Love makes puppets out of proud people every day. Hypocrite, from Los Angeles darkwave duo Black Hall, rolls in like trouble with its collar up, all cool chrome nerves and bad intentions, and the new video for the song gives that trouble a highway, a heat haze, and a face you can’t quite trust. It’s a pop song that carries poison in its pocket. Tanner Dean and Errol Kern have built a machine for romantic ruin here, and in the new clip, they drive it straight into the open desert.
The song has a taut, Motorik shove, with Dean’s drums landing in clean, regular blows, as if some stern little factory in his chest has taken over the job of feeling. The synth line slices across the arrangement with a lean, mean glamour, while the bass keeps tugging everything forward like a hand at the small of your back. Dean sings with a bruised, bitter calm that makes the accusation sting harder. He sounds less like a man pleading his case than somebody standing in the ashes, kicking through what’s left and naming each burned thing one by one. Romance can rot with style.

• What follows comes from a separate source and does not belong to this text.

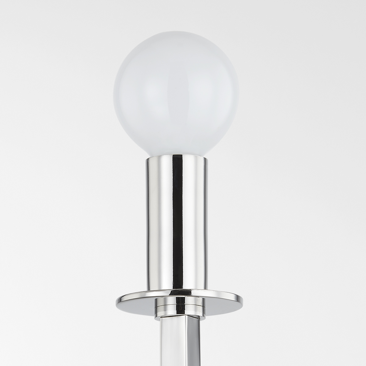 Milana takes proportion play to the next level, delivering a statement-making wall sconce with brilliant form. A square backplate and center arm are strong modern features, offsetting the rounded curves in the sockets and bulbs. Finished in aged brass, polished nickel, and old bronze.
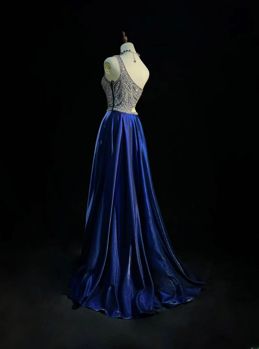 Obsessed A Line One Shoulder Satin Beaded Without Sleeves Long Prom Dress, Evening Dress C6538

The video keeps the frame split between stark black-and-white desert travel and color-soaked Lynchian visions of a mystery woman who seems to hover over the action like a curse, a fantasy, or maybe the boss of both. The van moves through the barren expanse like a hearse for old illusions, while those flashes of her world arrive lush, charged, and dangerous.
You start wondering whether she is a memory, a mirage, or a magician, whether the route was ever theirs to choose. The suggestion of black magick works because the song already deals in betrayal, projection, and the ugly little lies people tell while staring straight into somebody else’s face.
Watch the video for Hypocrite below:
Black Hall pulls off a stylish, sly piece of pop melodrama with gasoline in its blood. Hypocrite struts, smolders, and side-eyes its own damage, then leaves you out on that endless road, wondering who cast the spell first.